Björn Franke News - Projects - Research - Teaching - Biography
Workshops, Seminars and Lectures Björn Franke teaches practical and theoretical aspects of design in studio courses, seminars, workshops and lectures. All seminars have both theoretical and practical components. The range of topics and briefings below are outcomes of his research activities and reflect his personal interest in and approach to design.
This seminar investigates the theoretical foundations of design and design practice as well as current issues and future directions of design. The theoretical analysis includes design as social action, design and responsibility, sociology of objects and cognitive design processes. Current issues in design such as participatory design, customisation, and design activism will be approached through an analysis of literature and design projects. The seminar provides a forum to develop skills in design research and thinking and to understand the various factors that shape design activity, research, teaching, and outcomes.
This seminar aims to develop an understanding of the relationship between technology and society. Drawing on perspectives from history, anthropology, sociology and philosophy, the seminar explores the co-evolutionary aspects between technology and society. It aims to evaluate possibilities in design that embrace the concept of transdisciplinarity, moving beyond traditional subject boundaries and combining art and technology to expose the cultural divisions between art/humanities and science/technology.
The world that we live in is to a large extent the product of deliberate planning and construction. The built objects and environment that surround us strongly condition our actions, experiences, and sense of personal and collective possibilities. This seminar explores the relationship between the design of artefacts and the quality of social and political life. It investigates the social, cultural and political origins of designs and ways in which political ideas are represented in design. The inquiry is interdisciplinary, drawing on approaches from social science, philosophy, engineering, industrial design, architecture, urban planning, and information systems.

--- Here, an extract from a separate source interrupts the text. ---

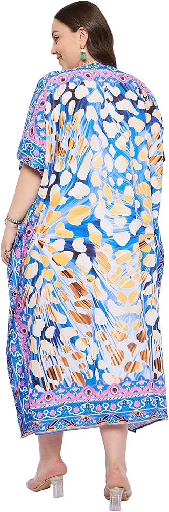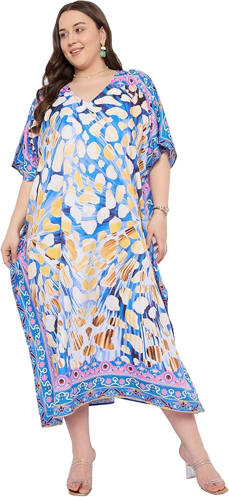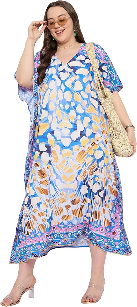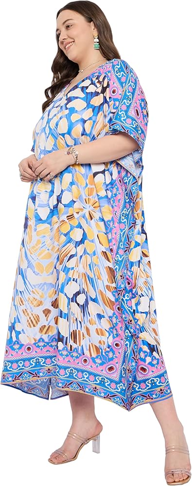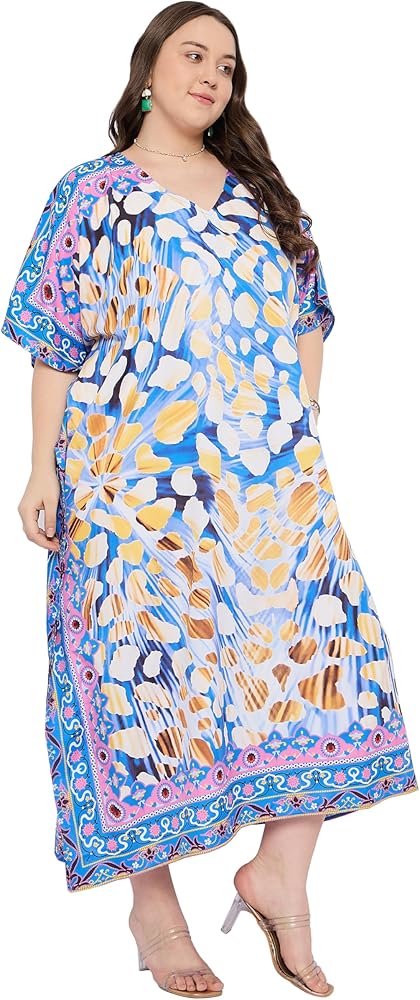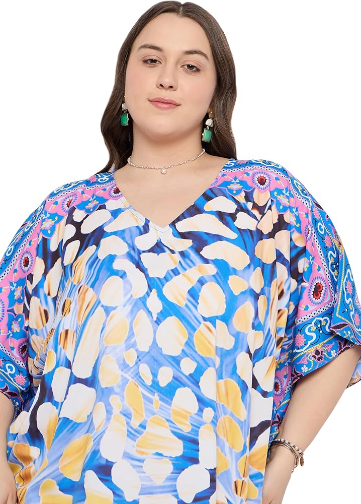 Our kaftan for women is made in high quality polyester fabric that feels luxurious and is ideal for casual as well as everyday wear. The lightweight polyester fabric is breathable and comfortable, making it an ideal choice for summer wear. It moves with your body for added comfort, whether you're lounging at home or attending a special event. This kaftan dress for women is high in style and low in price. Long printed kaftans are versatile and stylish wear for a beach day or a casual hangout. The casual caftan dress with intricate pattern gives a sophisticated finish along with 3/4 kimono sleeves with styled border design. Available in plus size kaftans are your way to a stylish wardrobe for your special occasions. Kaftan dress is the perfect wear for your daily wear as well as party wear. The timeless print on the kaftan is perfect party-wear to make you shine in glam. Wrinkle-Free Fabric: Forget about ironing! This kaftan is crafted with a special wrinkle-resistant fabric, ensuring it stays smooth and fresh-looking even after long wear or packing. Shrink-Free: Made from durable, high-performance polyester, this kaftan is designed to retain its size and shape after washing, so you never have to worry about it shrinking. A slight variation may occur in colors and size specifications. Colors may appear slightly different via website due to computer picture resolution and monitor settings.

The home has been the manifestation of a technological utopia throughout the twentieth century and has been immortalised in the ‘Monsanto House of the Future’ in Disneyland, the US TV series ‘The Jetsons’ or the famous ‘Kitchen Debate’ between Richard Nixon and Nikita Khrushchev at the 1959 American National Exhibition in Moscow. Houses of the future are mainly a spectacularisation new technologies for marketing and advertising purposes of a society that is obsessed with the future and the latest gadgets. They mainly use clichés and stereotypical consumers and reinforce the status quo rather than exploring new aesthetic possibilities for human interaction. This course explores past and present manifestations of the ‘future’ in the home and aims to critique the blind faith and belief in technological progress as well as the underlying technorhetoric of the ‘better future’ in science, marketing and advertising. We examine the relationship between real human needs and marketing of new technologies and will explore alternative aesthetic possibilities to use technology in the home.
It is through an understanding of the operation of a host that a parasite can co-exist and adapt to its environment. The parasite does not attempt to change its host through destruction since its own survival depends on the existence of its host. It instead must learn to adapt to changes in the host’s structure. The task is to take an existing artefact or spatial situation and modify it, so that the existing function of the object or space is significantly improved, or that it enables access to resources which were previously inaccessible, or that it provides a completely new function or viewpoint.
The restaurant »Dialogue in the Dark« creates an extraordinary atmosphere for the customer by being completely dark. Virtually blindfolded, the customers see neither the food nor any of the dinner guests and therefore have to experience the dinner through other senses. Design a concept for a dining event that, similar to the aforementioned example, provides an original experience through a singular factor for the customer. The task is to specify the factor and the resulting experience and develop the design around that, for example, by adding or subtracting something from the usual dining experience.
The mass market consumer culture often neglects the complex needs as humans are often treated as impersonal users or consumers. Real humans, however, may require more specific and unique objects and spaces beyond customisation, which acknowledges their complexities, contradictions and irrationality. The task is to design a space for a person with a mental affliction (hypochondria, panic disorders, paranoia, or similar) by considering the space as a retreat within the person’s home where the affliction can be exhibited or relief can be found.
In near future, keeping live animals as pets may become obsolete, as they will be replaced by robotic pets: no more hamsters accidentally flushed down the toilet or dogs given as Christmas gifts abandoned on roadsides. Robotic pets may learn tricks; they do not require to be fed and they can be simply shut off during family vacations. The task is to design an environment in which humans and artificial pets can interact. What kind of pets will there be? Will they be based on existing animals or will there be new forms? How will the artificiality of the pets influence the space? How will it be different from existing spaces?
As an outsider, one only gets glimpses of what a city is truly about; we can but speculate how the city really works, what secrets it holds, what strange technologies are embedded in its infrastructure, who and what goes where and why. Consider a very particular kind of tourist – an explorer – who actively seeks out to investigate the hidden networks (e.g. electronic, transportation, social, political) of the city. This tourist would find stimulation and nourishment in infrastructures which are off-limits to the casual visitor. The task is to design a transformer for a subversive tourist, that changes 'negative' aspects of the city into 'positive' experiences. The transformer should be considered in abstract terms, as a device, machine or kit, which changes something and has an input and an output.